Rick Scotts anthropology stance is misguided
Liberal arts majors and anthropologists across the country are up in arms after Florida Gov. Rick Scott remarked that state universities should shift funding to science, technology, math and engineering (STEM) fields because those are the majors that create jobs.
“If I’m going to take money from a citizen to put into education, then I’m going to take that money to create jobs,” Scott said, according to the Sarasota Herald-Tribune. “So I want that money to go to degrees where people can get jobs in this state.”
The comment that really raised public ire was Scott’s singling out of anthropology majors.
“We don’t need a lot more anthropologists in the state,” he said on a Daytona Beach radio show.
These misinformed comments demonstrate that Scott continues to treat the state as a business, not a government.
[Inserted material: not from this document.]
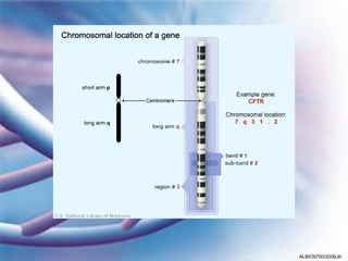 Cystic fibrosis is caused by mutations in the CFTR gene which codes for a chloride channel protein. This leads to thick, sticky mucus production throughout the body. The mucus clogs the lungs and pancreas, causing infections and poor digestion. Current treatments only manage symptoms; gene therapy aims to add a functional CFTR gene to lung cells to thin the mucus. However, delivering the gene faces challenges of immune responses, inefficient vectors, and short-term effects. A cure would require altering every cell, which is currently impossible.
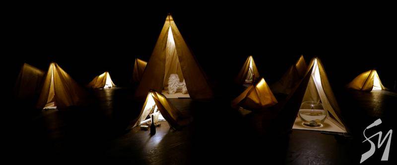 Це знов-таки було потрясінням. Не очікував такого від театру. Мене розривало від цікавості: що написано на листочках біля кожного намету? Які метафори та життєві мудрості розгадували юні глядачі?

The American Anthropological Association responded with a letter to Scott expounding the virtues of anthropology. The letter noted that employment for anthropologists and archaeologists is expected to grow by 28 percent, according to the Bureau of Labor Statistics’ Occupational Outlook Handbook for 2011.
Brent Weisman, chair of USF’s anthropology department, also told The Oracle that anthropology is considered a STEM field.
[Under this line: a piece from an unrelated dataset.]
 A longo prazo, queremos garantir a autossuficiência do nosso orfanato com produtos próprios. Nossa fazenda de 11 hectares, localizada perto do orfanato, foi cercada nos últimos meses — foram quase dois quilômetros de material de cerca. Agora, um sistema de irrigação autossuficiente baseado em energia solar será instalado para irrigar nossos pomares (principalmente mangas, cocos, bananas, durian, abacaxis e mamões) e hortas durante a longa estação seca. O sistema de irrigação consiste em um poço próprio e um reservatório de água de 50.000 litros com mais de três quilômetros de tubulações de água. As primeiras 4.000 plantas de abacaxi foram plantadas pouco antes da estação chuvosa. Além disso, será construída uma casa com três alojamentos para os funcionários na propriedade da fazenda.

Clearly, Scott made a poor choice in singling out anthropology majors – his own daughter holding a degree in the field, according to the Associated Press – but the sentiment applies to all non-STEM majors. The idea that students should only pursue majors that are immediately profitable to the state is laughable, as is the notion that only STEM majors contribute to the economy.
Scott plans to make higher education reform a major issue when the legislative session begins in January, and unfortunately he may have support. Future Senate President Don Gaetz has called Florida a “second tier” state, according to the Gainesville Sun, because universities are not producing the right graduates to attract companies.
However, companies are unlikely to move to new states simply because there are more qualified job candidates there. Graduates would be more likely to move to where the companies are, taking their valuable STEM educations with them and contributing nothing to Florida’s economy.
To dictate to students what they should major in flies in the face of American independence, and Scott’s comments highlight his business mentality.
It is important to have a balanced budget and reduce debt, but governments and government institutions such as public universities are not designed to turn a profit.
If the bottom line is all that mattered, then yes, students should pick majors that would contribute to the greater economic good, rather than pursue their own interests and dreams. Thankfully, that is not how public universities work.
Michael Hardcastle is a senior majoring in creative writing.